Create a SSID called Garmin, allocate it to the VLAN 10.
Now when you connect the app to using the Garmin SSID it will be able to access the plotters and it will also be able to access the internet (assuming it picks up a DHCP address in the .6.100 -.6.110 range from the balance)
Crate another SSID called ‘internet’ leave it without a VLAN (so its on the default untagged network).
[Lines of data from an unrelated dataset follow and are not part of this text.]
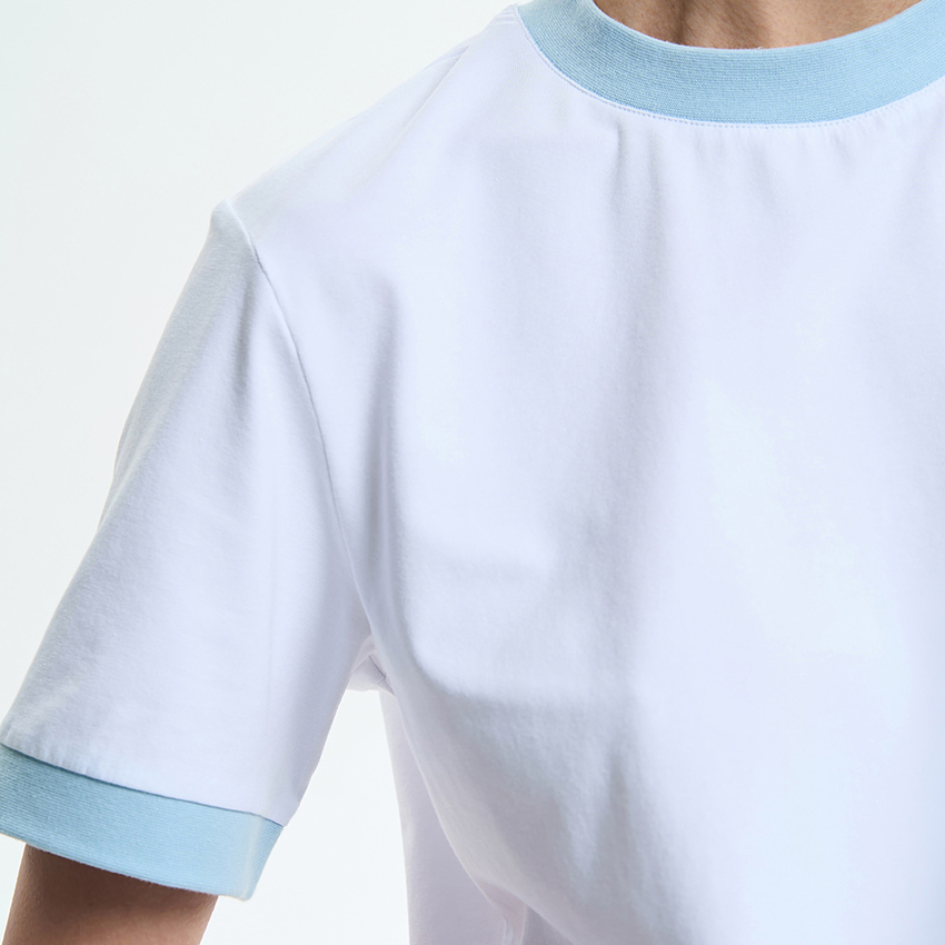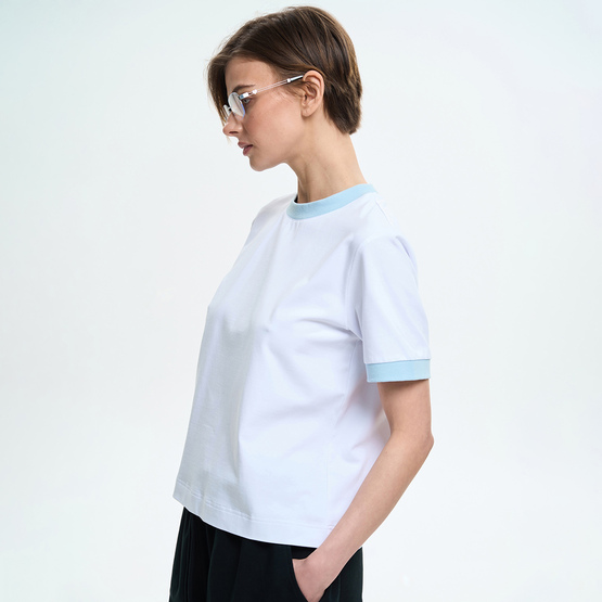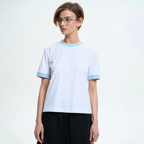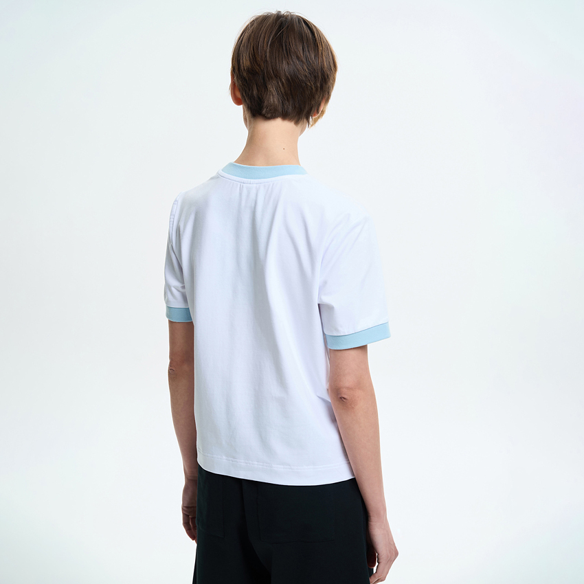 Футболка имеет свободную посадку и короткие вшивные рукава, обеспечивающие комфорт и свободу движений. Круглый вырез горловины отделан воротником контрастного цвета, который придает изделию выразительность. Манжеты на рукавах, выполненные из того же контрастного материала, формируют цельный дизайн и подчеркивают аккуратность деталей.
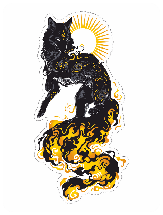 Виниловая наклейка для интерьера "Чёрный волк и огненный хвост / мистический хищник / лис и солнце" информация:
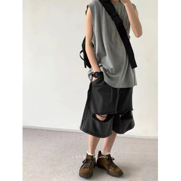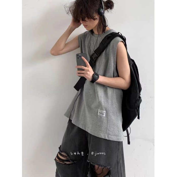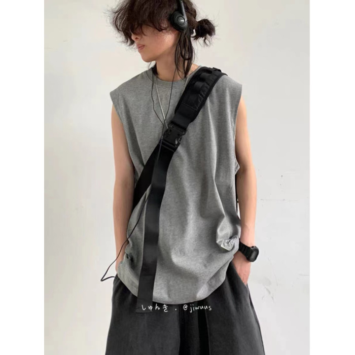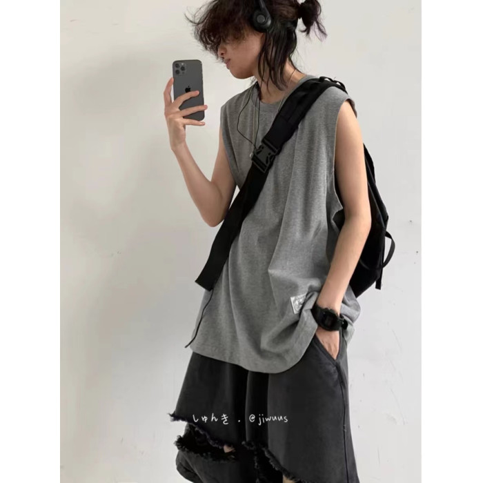 2025夏天日系復古基礎款背心男女生寬松純色百搭運動無袖打底汗衫

Leave that untagged network segment in the 192.168.1.1/24 range.
Any device that needs internet but does not need access to the Garmin marine network can connect to the ‘Internet’ wireless network SSID.
I would also enabled IGMP Snooping on the Garmin SSID settings as it seems the radar and sonar devices flood the network with multicast packets - although I’m not sure which devices you have.
Ok, so then it gets more complicated lol … Pat McQueen is actually where I started, the issue is . His system is much older and it doesn’t give out addresses to attached devices … If I put an AP on the garmin side of the network … The chart plotters are likely to give our addresses without DNS or gateway information …
What I’m ultimately trying to accomplish here … Is the Garmin chart plotters not giving out incomplete ip addresses to say an iPad … If I put everything on the same network , turning the chart plotters on last , I can open the helm app and AirPlay it to a tv … Basically what really screws me up here … Is the chart plotters giving out those random ip addresses with missing dns and gateway information … A lot of the devices like sonos don’t allow for static IP address to be set or this wouldn’t be a problem …
Ok, so helm app needs to be in the 172.16.x.x stack with a subnet of 255.255.0.0 to open … But also needs to access 'Internet" network to work with AirPlay …
Then you either need a way to block the DHCP response from the plotters reaching the user devices, or accept that you can’t have a user device connected to the garmin marine data network that can also access the internet and the rest of the vessel’s data network.
On most managed switches there is the option to enable DHCP filtering (or snooping) that will block unwanted DHCP responses (from rogue DHCP servers)- do you have a managed switch onboard?